2 MULTIPOLYGON (((-117.7166 3...
3 MULTIPOLYGON (((-117.8596 3...
4 MULTIPOLYGON (((-117.7986 3...
5 MULTIPOLYGON (((-117.8521 3...
6 MULTIPOLYGON (((-117.8269 3...head(SoCal_narrow)# A tibble: 6 × 6
Tract ZIP County ApproxLoc variable value
<dbl> <dbl> <chr> <chr> <chr> <dbl>
1 6059062640 92656 Orange Aliso Viejo TotPop19 3741
2 6059062640 92656 Orange Aliso Viejo CIscore 9.64
3 6059062640 92656 Orange Aliso Viejo CIscoreP 12.1
4 6059062640 92656 Orange Aliso Viejo Ozone 0.0517
5 6059062640 92656 Orange Aliso Viejo OzoneP 65.4
6 6059062640 92656 Orange Aliso Viejo PM2_5 9.45 The SoCal_narrow dataset has taken the 60+ columns from SoCalEJ and condensed them into a single column indicating the variable and another column indicating the value for that variable. This is very useful for grouping and visualizing by category of information.

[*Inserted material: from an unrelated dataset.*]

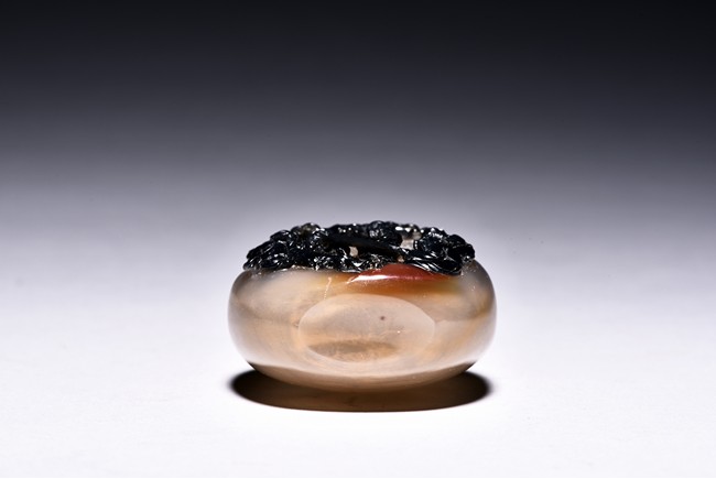 Of oblong form, the bottle is carved on one side utilizing the dark black areas with scene of five elderly scholars appreciating a scroll painting under a pine, the other side undecorated showing the natural texture of the stone. Qing Dynasty period.

Now let’s display a box plot with three pollution variables simultaneously using this narrow dataset as shown in Figure 11.3. We again use filter(), but we combine it with the %in% operator to select multiple variables to display.
SoCal_narrow %>%
filter(variable %in% c('OzoneP', 'DieselPM_P', 'PolBurdP')) %>%
ggplot(aes(x = County, y = value, fill= variable)) +
geom_boxplot()
Cool! Now we are seeing some interesting differences.
11.3.1 Exercise 1.
- Create a boxplot that displays five simultaneous variables by County, either by adding two new variables and/or replacing the existing variables. I recommend showing the percentage values that end in P.
- Choose a different
theme() - Show a box plot of the six racial and ethnic variables - Hispanic, White, AfricanAm, NativeAm, OtherMult, and AAPI. It should look something like Figure 11.4
11.3.2 Explore the Dataset
Data visualization isn’t just a final product. To get to the final product usually requires doing significant visual exploration to reveal information and knowledge.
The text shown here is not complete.